Honor or Iskender by Elif Shafak

HonorElif Shafak is an author I’d been meaning to read.  Her novel, Flea Palace, has been sitting on my shelf for a long time.  So it’s mildly surprising that when I finally picked up one of her books it wasn’t Flea Palace but her newest novel – titled Honor in America & the UK… and Iskender everywhere else.

The writing is enchanting.  Let’s get that out of the way up front.  Elif Shafak has a beautiful, lyrical prose style that dazzles.  She’s a writer who pirouettes across the page, defying gravity and making it look easy.  It’s all very impressive.  At any second you expect her to cross the line – for the writing to become overdone, weighed down by flourishes, burdened by poetic imagery.  Yet that never happens.  She uses just the right amount of restraint.  Shafak embraces, but isn’t limited by style.

It helps that she has a preternatural ability to shift between characters  –  creating distinctive personalities and channeling the voices of men and women from a variety of backgrounds.  We’re allowed to inhabit their thoughts, and then to observe from the outside as they interact with each other.  Often within the space of a few paragraphs.

Iskender (the title I prefer) is the story of a Kurdish family that emigrates from Turkey to London in the 1970’s.  But Elif Shafak begins her plot a little before that in the rural Turkish village where the mother, Pembe, and her twin sister Jamilla live.  A young man named Adem visits and falls in love with Jamilla, but is told she is promised to another man.  And so he marries Pembe.

From the beginning the union is doomed, but Adem and Pembe have three children nonetheless.  The eldest son is named Iskender, the middle daughter Esma and the youngest (another son), Yunus.   The children acclimate quickly to England.  Their parents less so.  Adem begins gambling and takes up with a woman – who seems to work as an escort in the gambling den he visits – and deserts his family.  Pembe begins a friendship with a man named Elias who she meets secretly in old movie theaters.  Esma and Yunus have their own stories.  It is Iskender, an arrogant young man who is drifting towards radicalization, who stabs and kills his mother on learning that she is seeing a man.  It is an honor killing.  When the book begins Iskender is in prison.

That is the skeleton of the plot.  Onto it Shafak applies layer after layer of family dynamics, cultural identity and psychology.   Add to this  her beautiful prose and it’s hard not to fall in love with this book.  But Iskander has a weakness: the OCD attention to pivotal details.  I’m not exaggerating.  Shafak has the plot of her novel so tightly put together that you can hear the chapters clicking into place as you turn the page.  There is no minor detail in this book, so pay attention!  Actually, you could probably not pay attention and still not miss a thing.  Elif Shafak seems to be an adherent of Nabakov’s galley slave philosophy when it comes to “free will” for her characters and her readers.

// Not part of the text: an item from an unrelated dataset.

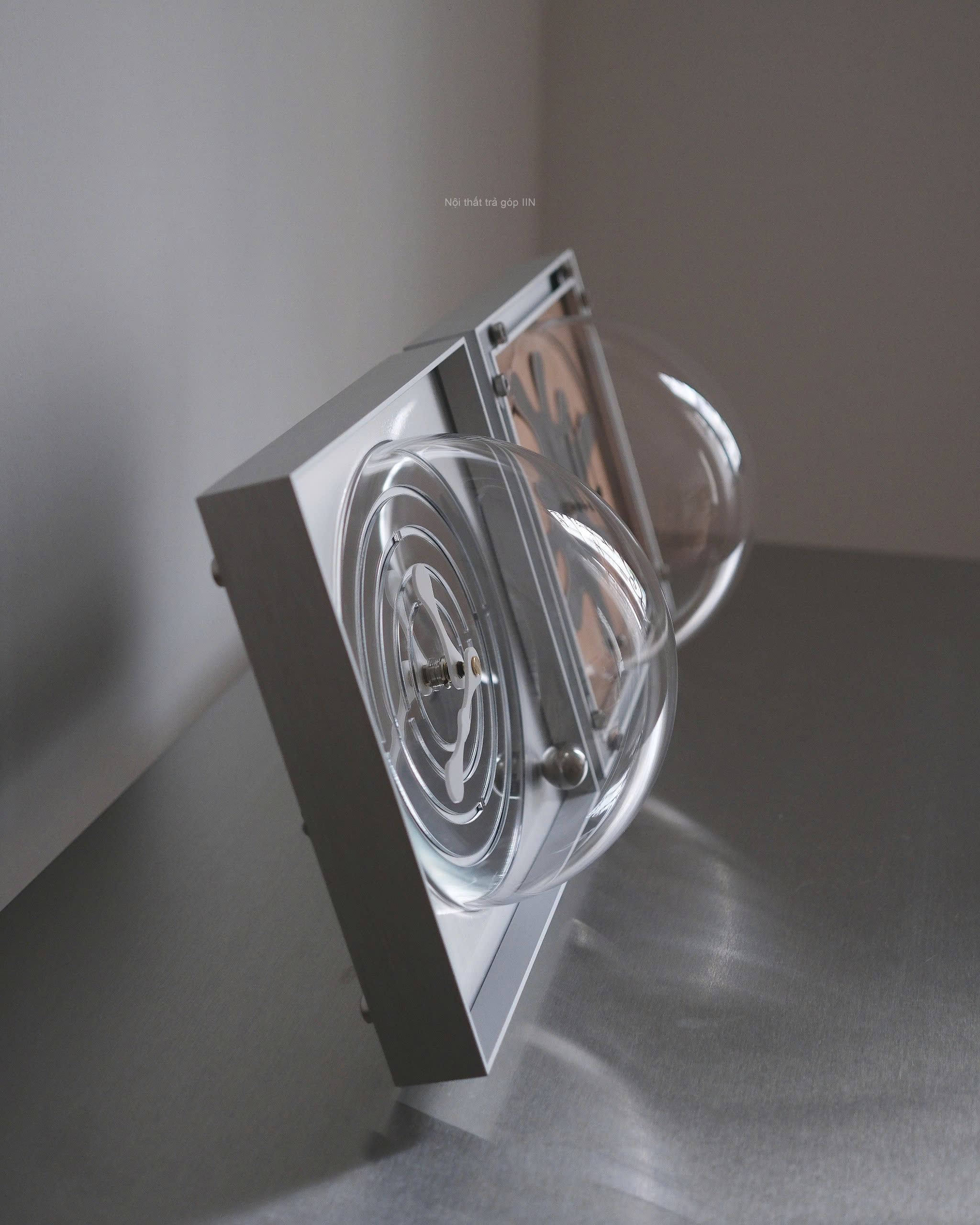 Phần nhựa trong suốt bảo vệ bên ngoài, vừa tôn lên chi tiết bên trong, vừa dễ dàng vệ sinh. Kiểu dáng hiện đại pha chút phá cách, phù hợp đặt trên bàn làm việc, kệ sách hay treo lên tường để tạo điểm nhấn cho không gian. Màu sắc trung tính, dễ phối với nhiều phong cách nội thất.

Which is why Iskender is, on final examination, it too perfect a story.  Its author, you realize at the end, has a narrative agenda.  There’s a place Shafak intended to take her reader and she  carefully laid out the path to get there.  You are not encouraged to stray from that path. You are, instead, being moved from plot point to plot point to conclusion – with no ambiguity.  Suddenly those pirouettes seem less effortless and more practiced.

The last chapter of Iskender disappoints.  The plot twist, which isn’t entirely a twist, twists back on itself – becoming both emotionally manipulative and necessary only to the author.  Of course I won’t give the ending away, partly because up until I reached it I loved Iskender.  I was able to buy into these characters… until I didn’t anymore.